» **THE DATA**
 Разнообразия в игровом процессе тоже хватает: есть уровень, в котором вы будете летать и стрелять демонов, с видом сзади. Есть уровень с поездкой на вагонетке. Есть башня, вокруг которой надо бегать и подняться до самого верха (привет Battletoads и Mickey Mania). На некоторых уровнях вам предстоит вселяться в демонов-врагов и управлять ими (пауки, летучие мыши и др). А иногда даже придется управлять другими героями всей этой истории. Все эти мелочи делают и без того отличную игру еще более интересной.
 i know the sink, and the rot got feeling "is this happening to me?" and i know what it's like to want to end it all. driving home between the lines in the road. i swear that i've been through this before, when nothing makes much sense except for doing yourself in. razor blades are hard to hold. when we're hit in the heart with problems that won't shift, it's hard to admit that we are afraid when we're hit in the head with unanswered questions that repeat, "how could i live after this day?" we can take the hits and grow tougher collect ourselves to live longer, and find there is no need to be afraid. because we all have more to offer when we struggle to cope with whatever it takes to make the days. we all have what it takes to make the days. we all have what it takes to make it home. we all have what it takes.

...

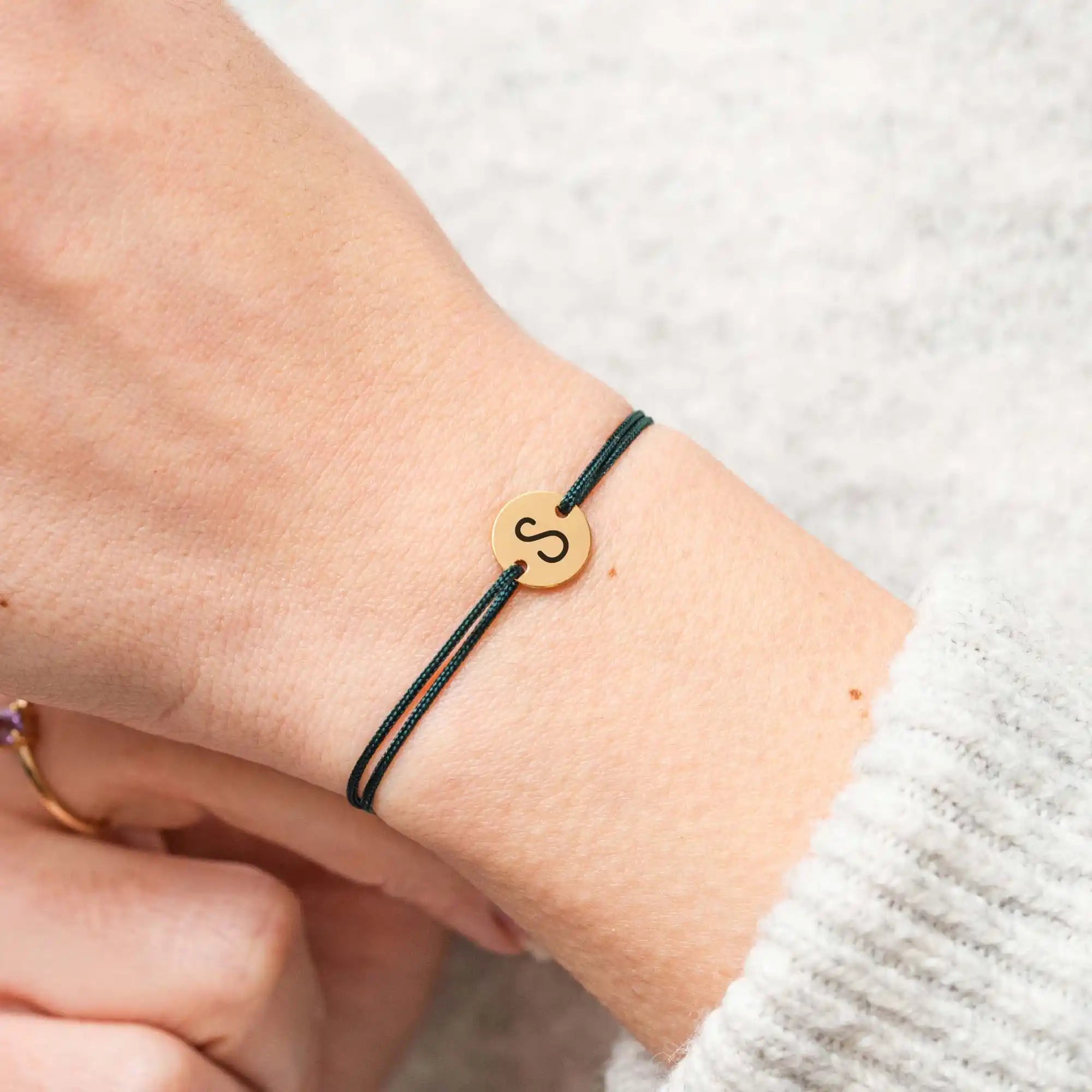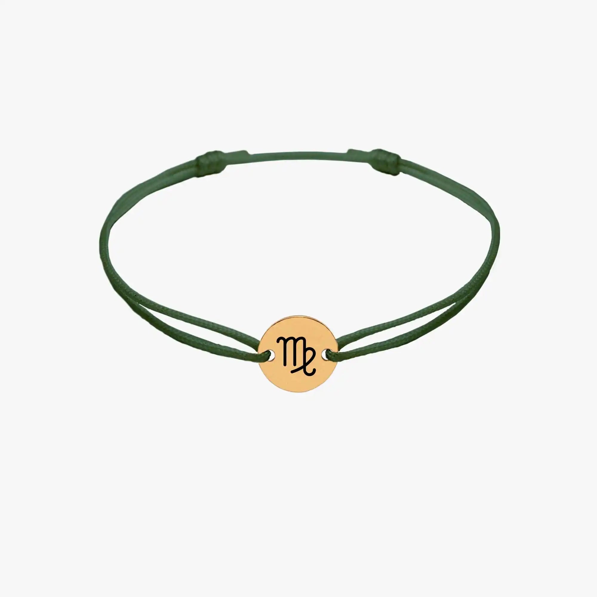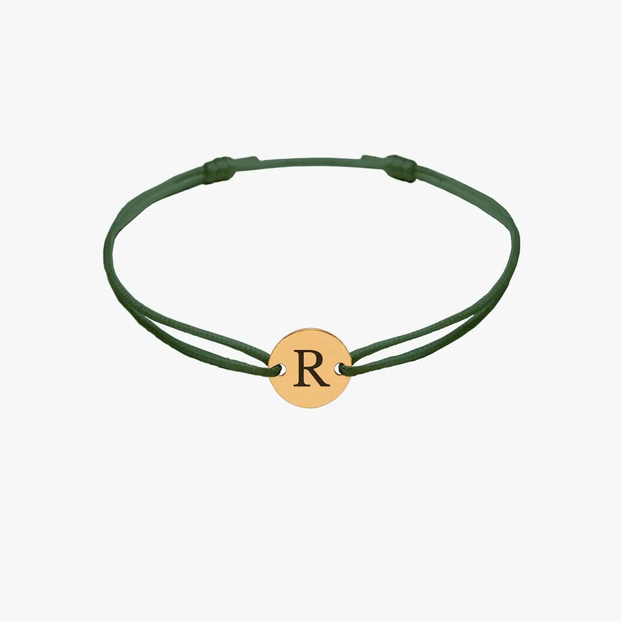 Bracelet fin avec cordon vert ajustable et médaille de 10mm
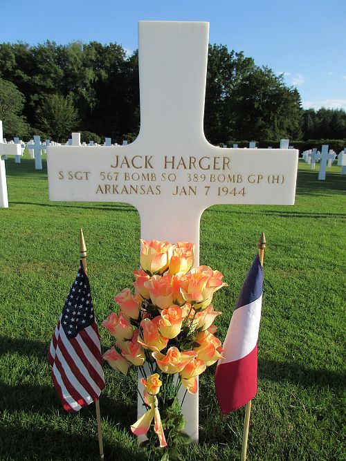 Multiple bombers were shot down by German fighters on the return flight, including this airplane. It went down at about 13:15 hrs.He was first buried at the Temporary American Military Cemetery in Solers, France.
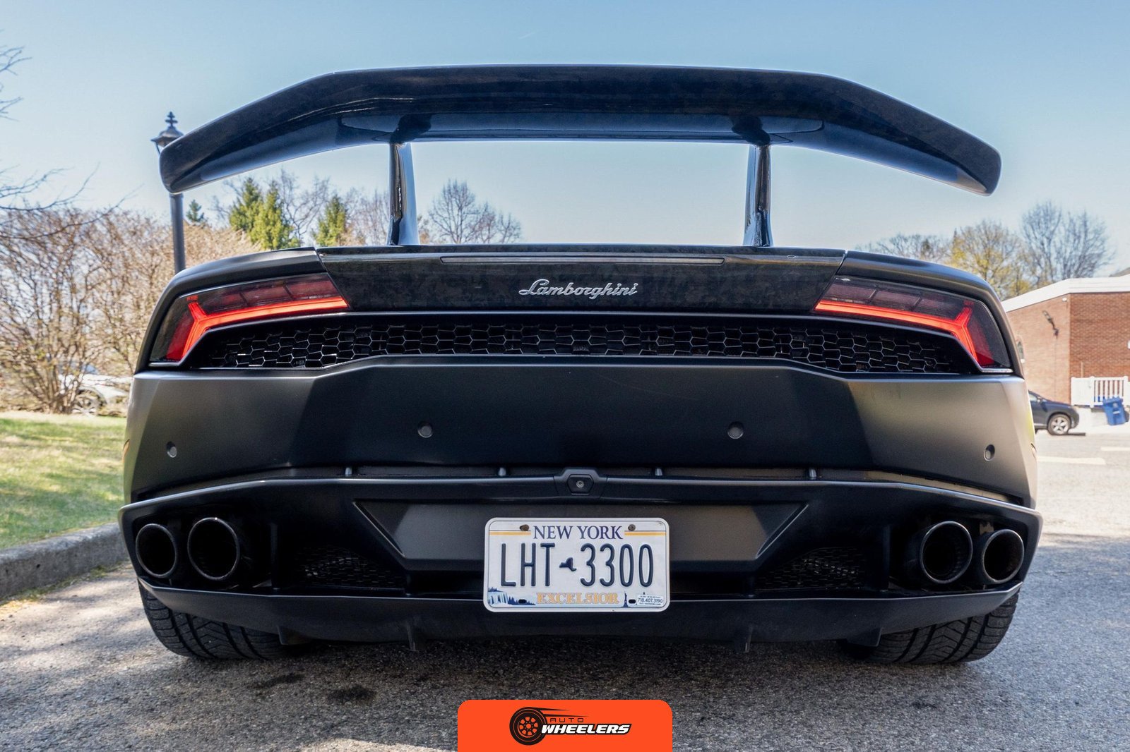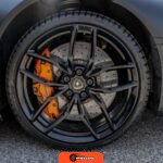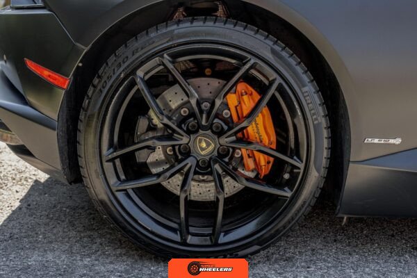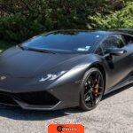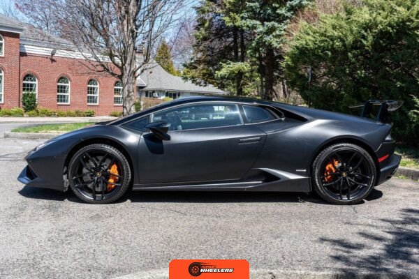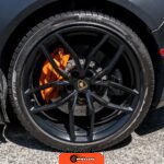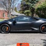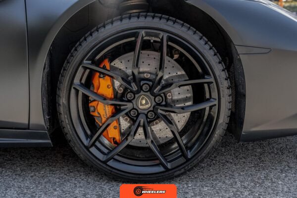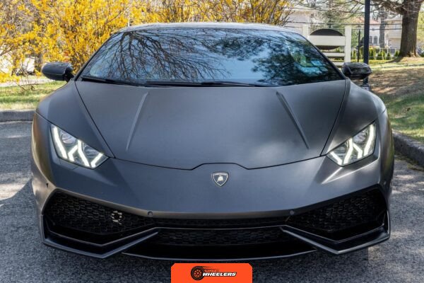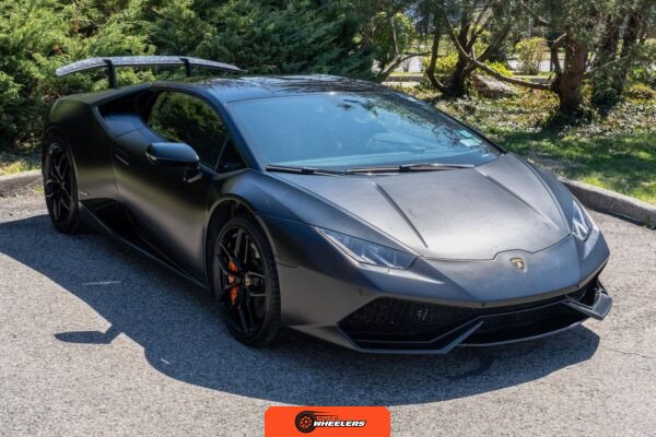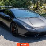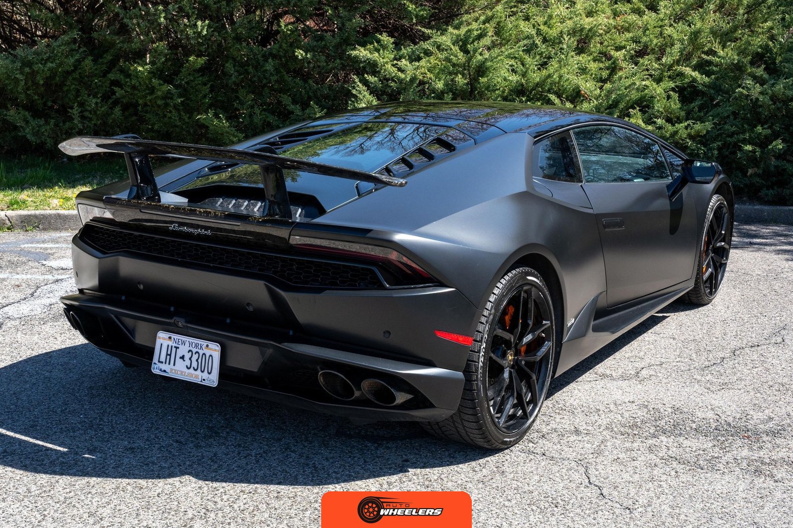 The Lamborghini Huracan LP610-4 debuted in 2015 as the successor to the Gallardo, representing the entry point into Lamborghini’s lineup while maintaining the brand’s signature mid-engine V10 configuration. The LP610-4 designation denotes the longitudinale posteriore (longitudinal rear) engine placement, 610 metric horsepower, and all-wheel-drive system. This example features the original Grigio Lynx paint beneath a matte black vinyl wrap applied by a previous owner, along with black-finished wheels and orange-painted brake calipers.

» **EXERCISE OBJECTIVE**
Out of the data above, give again only the lines starting at the one holding "Разнообразия в игровом" and ending at the one holding "i know the sink, and", unchanged.

» **TASK ANSWER**
 Разнообразия в игровом процессе тоже хватает: есть уровень, в котором вы будете летать и стрелять демонов, с видом сзади. Есть уровень с поездкой на вагонетке. Есть башня, вокруг которой надо бегать и подняться до самого верха (привет Battletoads и Mickey Mania). На некоторых уровнях вам предстоит вселяться в демонов-врагов и управлять ими (пауки, летучие мыши и др). А иногда даже придется управлять другими героями всей этой истории. Все эти мелочи делают и без того отличную игру еще более интересной.
 i know the sink, and the rot got feeling "is this happening to me?" and i know what it's like to want to end it all. driving home between the lines in the road. i swear that i've been through this before, when nothing makes much sense except for doing yourself in. razor blades are hard to hold. when we're hit in the heart with problems that won't shift, it's hard to admit that we are afraid when we're hit in the head with unanswered questions that repeat, "how could i live after this day?" we can take the hits and grow tougher collect ourselves to live longer, and find there is no need to be afraid. because we all have more to offer when we struggle to cope with whatever it takes to make the days. we all have what it takes to make the days. we all have what it takes to make it home. we all have what it takes.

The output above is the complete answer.